In 2003, Hammond led the team in receptions with 88 for 969 yards, and a career-high 20 touchdowns. He finished fourth on the team in rushing with three carries for 22 yards and one touchdown. On defense, he recorded 33.5 total tackles, three for a loss, three forced fumbles, one fumble recovery, and two interceptions for 13 yards.

====Austin Wranglers (2004)====
In 2004, Hammond recorded 47 receptions for 427 yards and 12 touchdowns in his only season with the Austin Wranglers. He recorded 25 tackles and three fumble recoveries. He also carried the ball nine times for 14 yards and a touchdown. He also earned Army Ironman of the Game honors twice. He was Injured early in the season and spent four weeks on injured reserve.

====Nashville Kats (2005–2006)====
In 2005, Hammond rejoined the reborn Nashville Kats for his final two seasons as a player. In his 15th season, he was named to the league's All-Ironman team. He finished as the Kats’ second-leading receiver, recording 66 receptions for 632 yards and eight touchdowns. He also had seven carries for 10 yards and one touchdown. He also finished with 42.5 tackles, one tackle for loss, two interceptions and a fumble recovery.

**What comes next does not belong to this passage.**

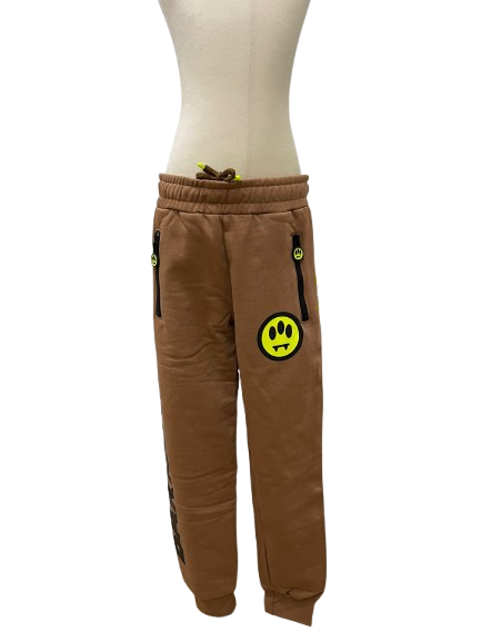 Barrow Bambino Joggers Marroni con Logo Fluo e Maxi Stampa Laterale
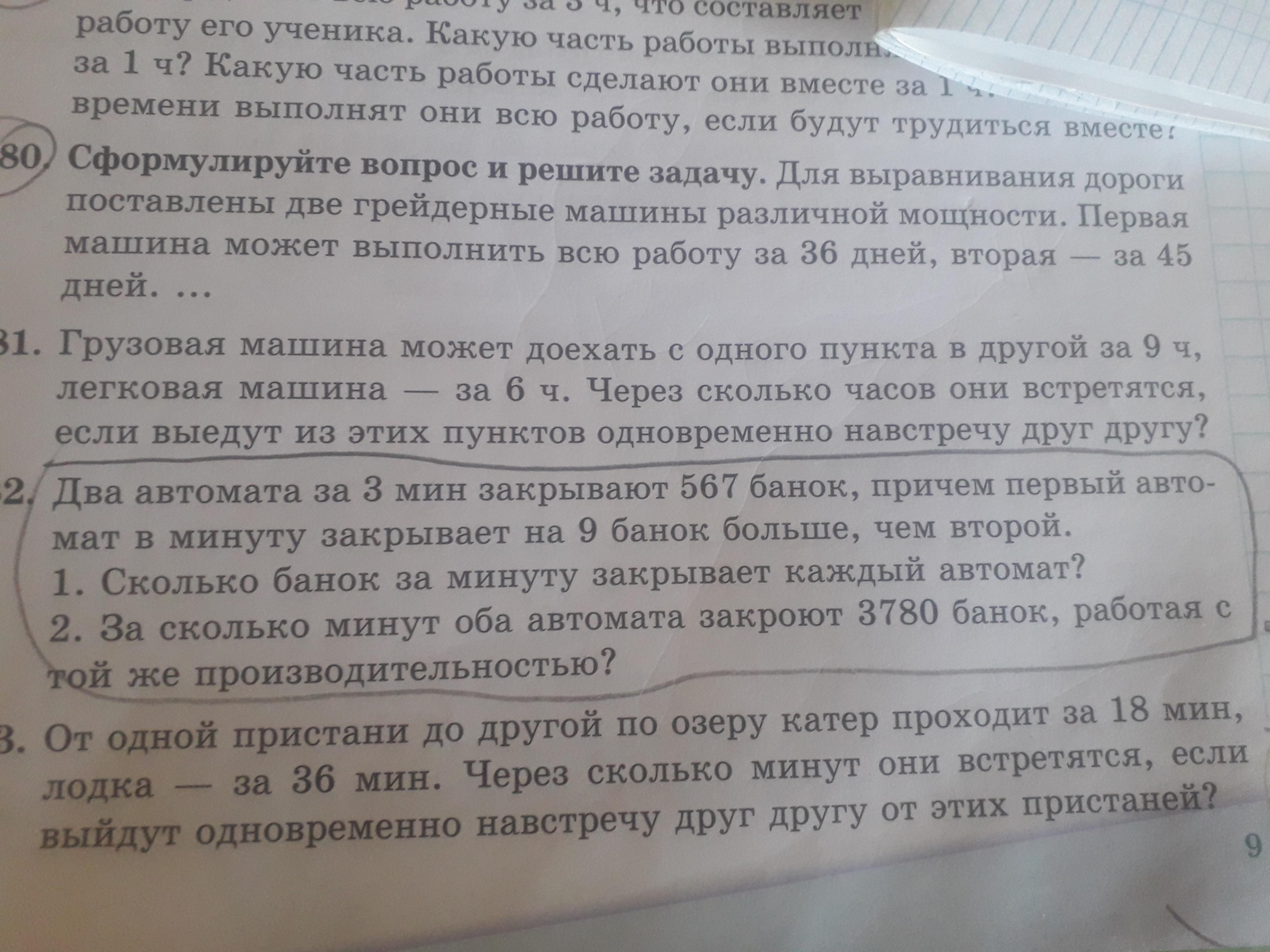 два автомата за 3 минуты закрывают 567 банок причем первый автомат в минуту закрывает на 9 банок больше чем второй . 1)Сколько банок за минуту закрывает каждый автомат? 2)За сколько минут оба автомата закроют 3780 банок работая с той же производительностью?

In 2006, Hammond recorded 21 tackles, one sack, two passes broken up, one fumble recovery, and two interceptions, one for a touchdown. He also recorded 13 receptions for 149 yards, and two touchdowns. He also carried the ball seven times for 10 yards and three touchdowns and had three kickoff returns for nine yards.

==Outside of football==
Hammond was an avid golfer. Also, in 2004, he was Michael Irvin's stunt double on the set of the Adam Sandler movie The Longest Yard, and played Philadelphia Eagles wide receiver Harold Carmichael in the Mark Wahlberg film, Invincible. He was the volleyball coach in Hannah Montana – The Movie (2009); he also served as an assistant football coach at The Ensworth School in Nashville in the fall of 2005.

Hammond served as a STARS counselor as well as an assistant football coach for the Independence High School football team in Thompsons Station, Tennessee

==Personal life==
Darryl Hammond died from Lou Gehrig's disease on February 19, 2017. He was one of at least 345 former NFL players to be diagnosed after death with chronic traumatic encephalopathy (CTE), which is caused by repeated hits to the head. He had a wife, Robin, and three children: two daughters, Darryn and Sydney, and a son, Todd.